Erode was a part of Coimbatore and the history of Erode is thus very closely linked with the history of Coimbatore. The total area of Erode and Coimbatore formed the ancient “Kongu” country which was also known as the “Kongu Nadu”. The history of Kongu Nadu goes back to the Sangam Era. In the early days, the regions were occupied by tribes like “Kosars”, whom the Rashtrakuta rulers defeated to set foot in the region.  The capital of the Kosars was ‘Kosamputhur’ or the modern day ‘Coimbatore’.  Chola rulers defeated the Rashtrakutas to set foot in Kongu and during the time of Raja Chola, it reached the height of supremacy. Later this area was controlled by Chalukya, Pandyas and Hoysalas. Kulasekara Pandian was the last independent Pandya ruler and then Erode came under the rule of the Muslim rulers of Delhi. But, only after a few days, the Vijayanagar Kingdom gained the control of Erode in 1378 CE. The Madurai Nayaks ruled Erode from 1559 to 1736. The Mysore Rulers like Hyder Ali and Tipu Sultan also ruled Erode.

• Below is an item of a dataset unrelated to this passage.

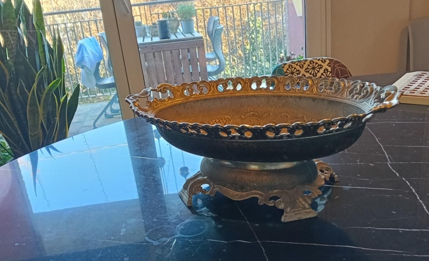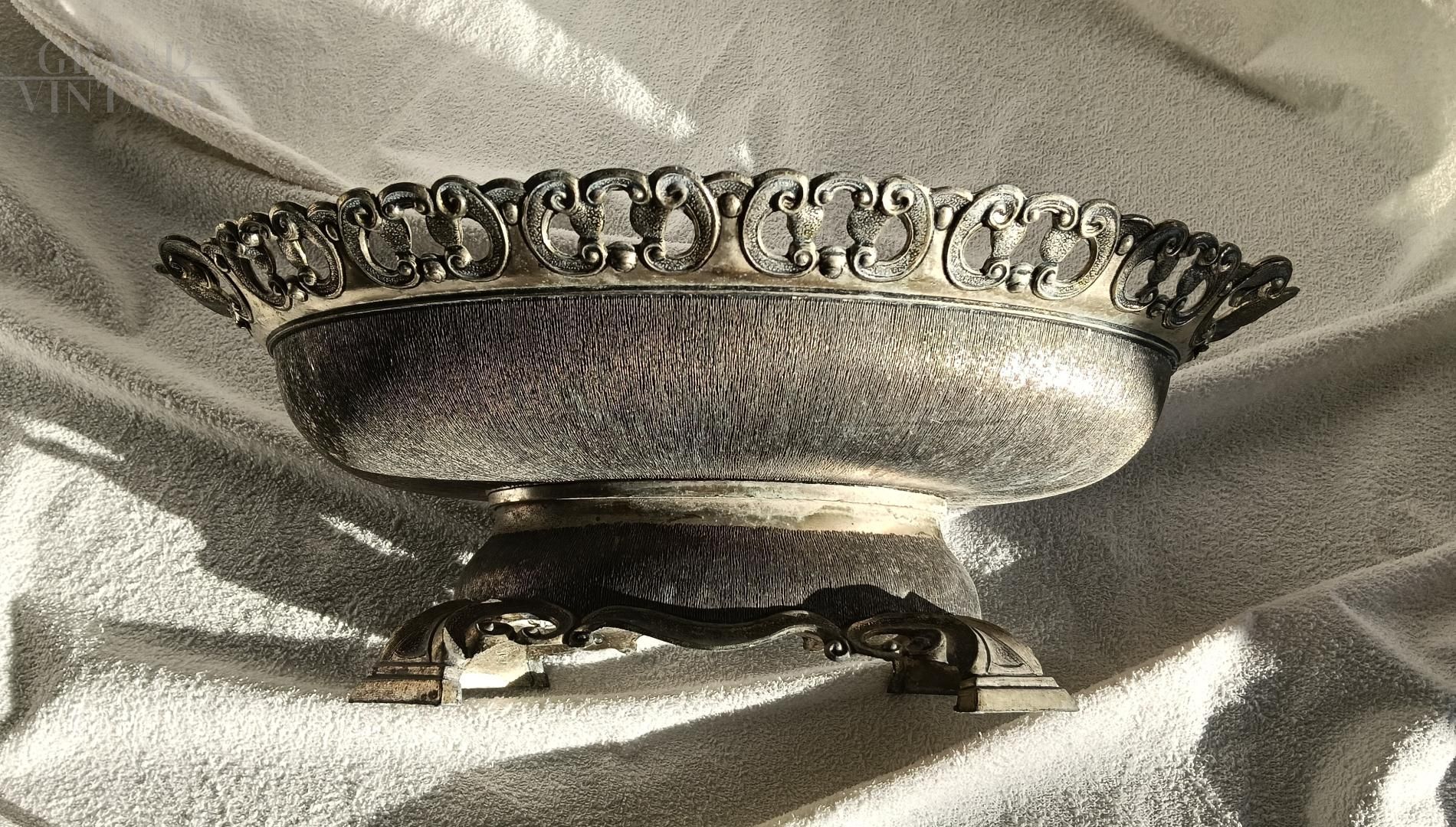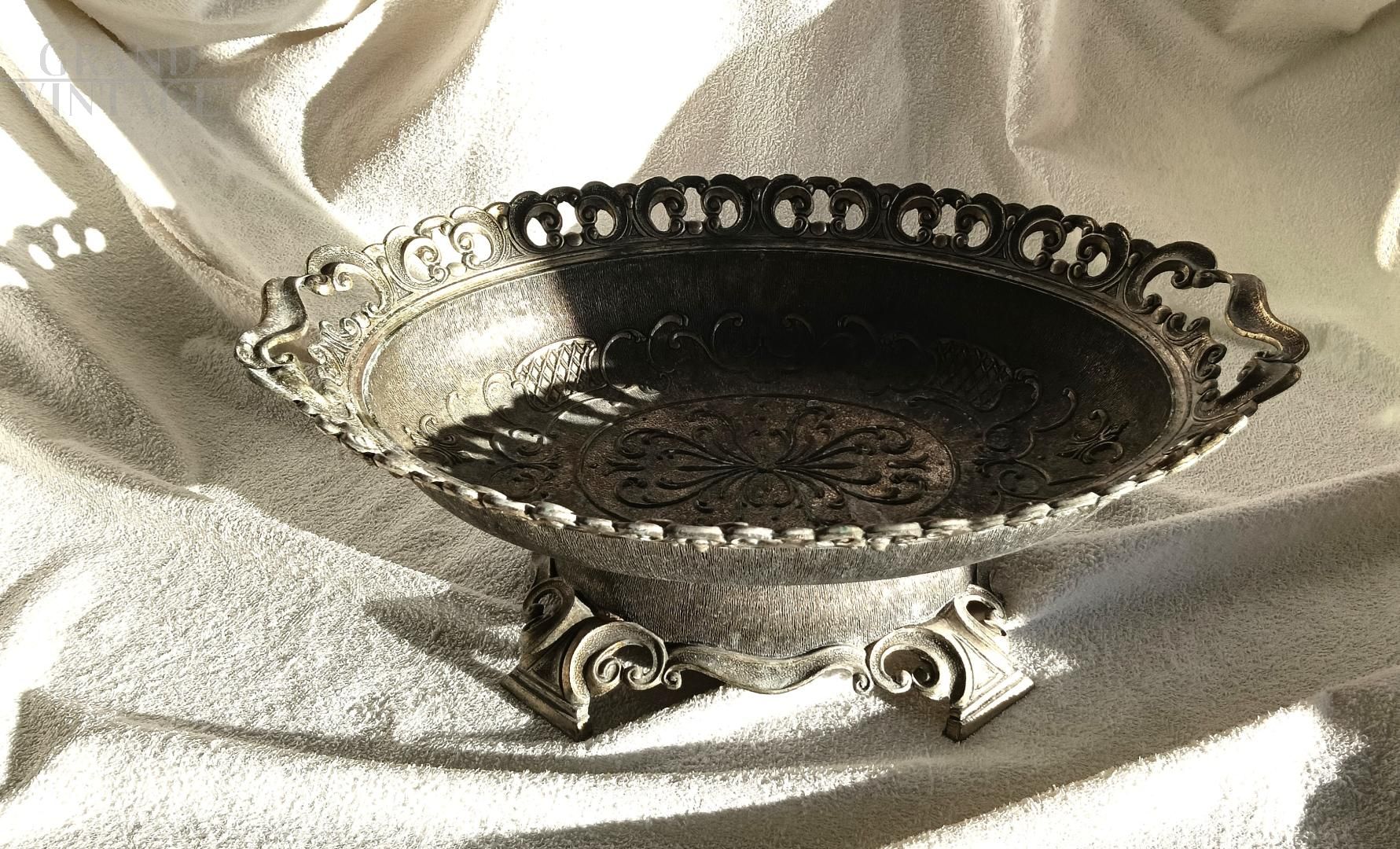 Grande fruttiera centrotavola vintage in peltro, finemente decorata in stile rinascimentale, realizzato in Italia nella Sicilia degli anni '50, è piuttosto pesante e di grandi dimensioni!
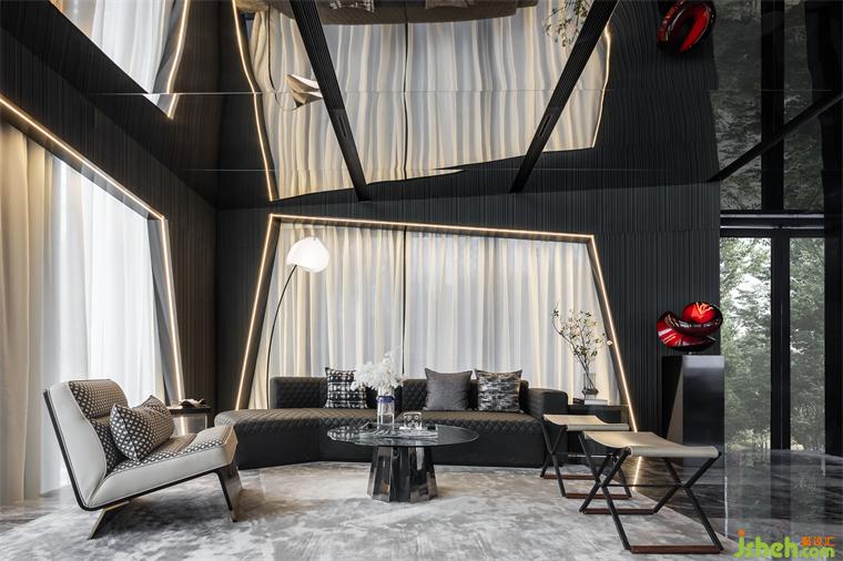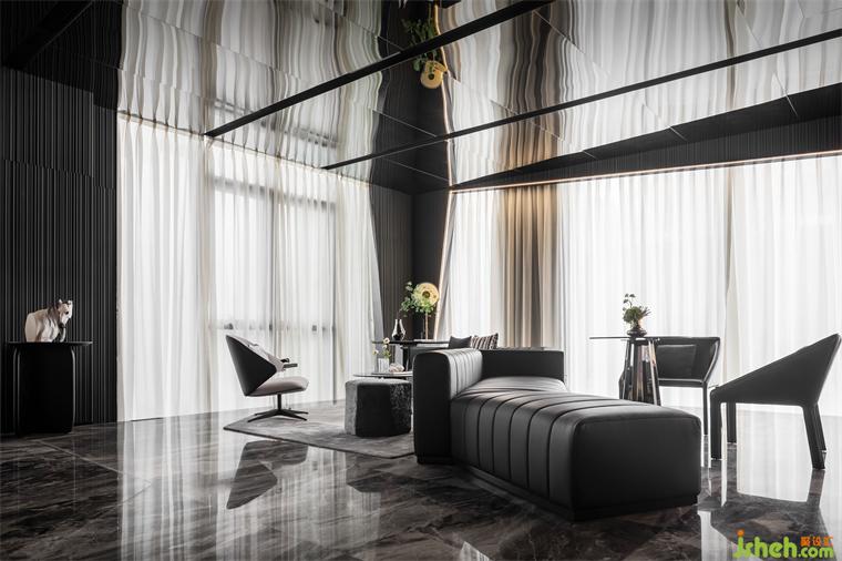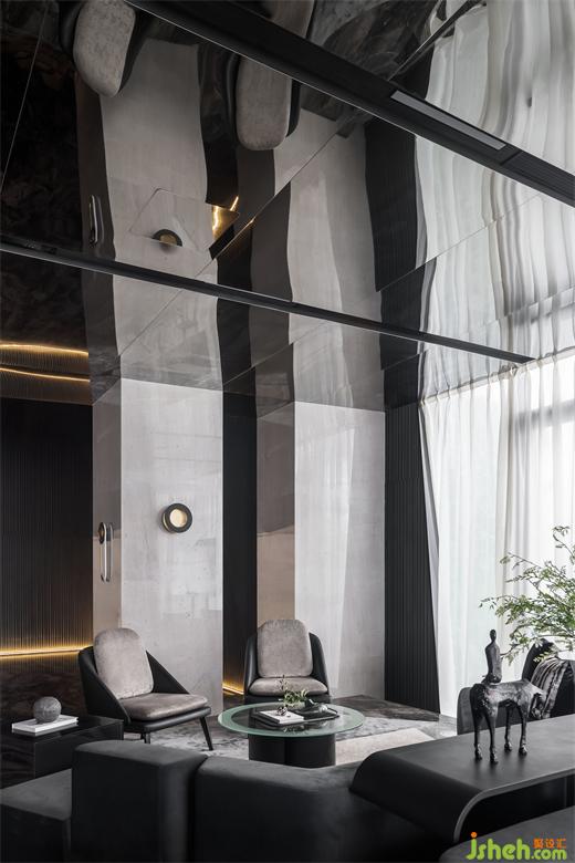 延續(xù)宇宙的神秘,洽談區(qū)空間以大量鏡面材料為背景,頂面采用灰鏡斜面設(shè)計(jì),實(shí)現(xiàn)縱深感。不規(guī)則異形窗框的使用,渲染出充滿生機(jī)的空間力量。在精準(zhǔn)的比例中,用嚴(yán)謹(jǐn)?shù)膸缀沃刃騺?lái)構(gòu)建感性的場(chǎng)域,生活的姿態(tài)與宇宙的無(wú)盡在這一刻得以共鳴。

During the time of Hydar Ali, Erode had an estimated population of 1500 and there were 300 houses in the town. The town also had a mud fort which stationed a garrison of 4000 soldiers. The fort was surrounded by coconut grooves and River Kauvery. Due to the attacks by the Marathas, Mysore Army and finally the British East India Company, the fort was almost ruined.
History of Erode

Erode Under the British

After the fall of Tipu Sultan in 1799, the Kongu Region came under the direct control of the East India Company, and it restored the power of the Maharaja of Mysore to rule the region, but kept direct control. Within a year of the British control, peace was restored and people came back to Erode. The town grew in size and population. The garrison ultimately withdrew in the year 1807 and the ruined fort was also leveled by the British in the year 1877, during the relief works for the famine in the same year. Until the independence of India in 1947, Erode was under the direct rule of the British rulers. Erode city was widely known for its handloom products, but after the British rule, the traders were introduced to power loom and only after India’ independence, the dominance of power looms increased in the city. Both the East India Company and the British rulers considered Erode as an important trading center of South India.

Etymology of Erode

The root of the name ‘Erode’ comes from the word ‘Eru Odai’ or two rivers in Tamil language. There are two water courses in the town, like the Perumpalayam Canal and the Kalingarayan Canal. As per the legends, the town has got its name from the words “Eera Odu” or “well skulls”, based on the mythical story of Dakshaprajapati and Lord Shiva.

Erode district was bifurcated from the Coimbatore district in the year 1979. In 1871, Erode town was constituted as a municipality and after it got separated from Coimbatore it was promoted to special grade in 1980. The separate corporation of Erode began its function from 1st January, 2008.